PLANO, Texas--(BUSINESS WIRE)--Reata Pharmaceuticals, Inc. (Nasdaq: RETA) (“Reata” or the “Company”), a clinical-stage biopharmaceutical company, today announced that it will report financial results and provide an update on recent progress on its development programs after the market closes on August 9, 2021.

Reata’s management will host a conference call on August 9, 2021, at 4:30 pm ET. The conference call will be accessible by dialing (866) 270-1533 (toll-free domestic) or (412) 317-0797 (international) using the access code: 10157197. The webcast link is https://event.on24.com/wcc/r/3196578/57A5A4A99C3D3BA0F2D6A7D9D86B06B7.

Second quarter financial results to be discussed during the call will be included in an earnings press release that will be available on the company’s website shortly before the call at https://www.reatapharma.com/investors/ and will be available for 12 months after the call. The audio recording and webcast will be accessible for at least 90 days after the event at https://www.reatapharma.com/investors/.

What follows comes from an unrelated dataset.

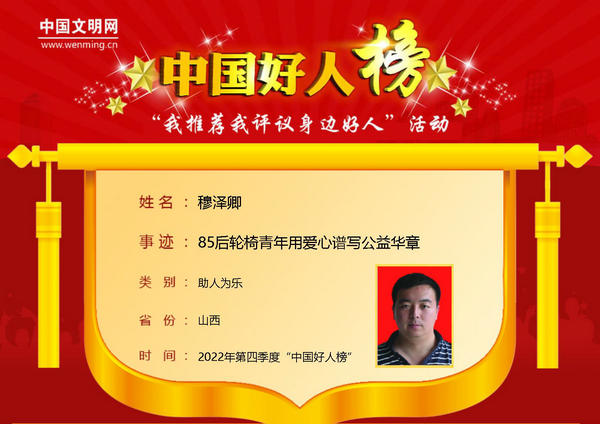 穆澤卿 山西晉中市 85后輪椅青年用愛心譜寫公益華章

About Reata Pharmaceuticals, Inc.

Reata is a clinical-stage biopharmaceutical company that develops novel therapeutics for patients with serious or life-threatening diseases by targeting molecular pathways that regulate cellular metabolism, inflammation, and the cellular response to injury. Reata’s two most advanced clinical candidates, bardoxolone methyl (“bardoxolone”) and omaveloxolone, target the important transcription factor Nrf2 that promotes the resolution of inflammation by restoring mitochondrial function, reducing oxidative stress, and inhibiting pro-inflammatory signaling. We possess exclusive, worldwide rights to develop, manufacture, and commercialize bardoxolone, omaveloxolone, and our next-generation Nrf2 activators, excluding certain Asian markets for bardoxolone in certain indications, which are licensed to Kyowa Kirin Co., Ltd. Bardoxolone and omaveloxolone are investigational drugs, and their safety and efficacy have not been established by any agency.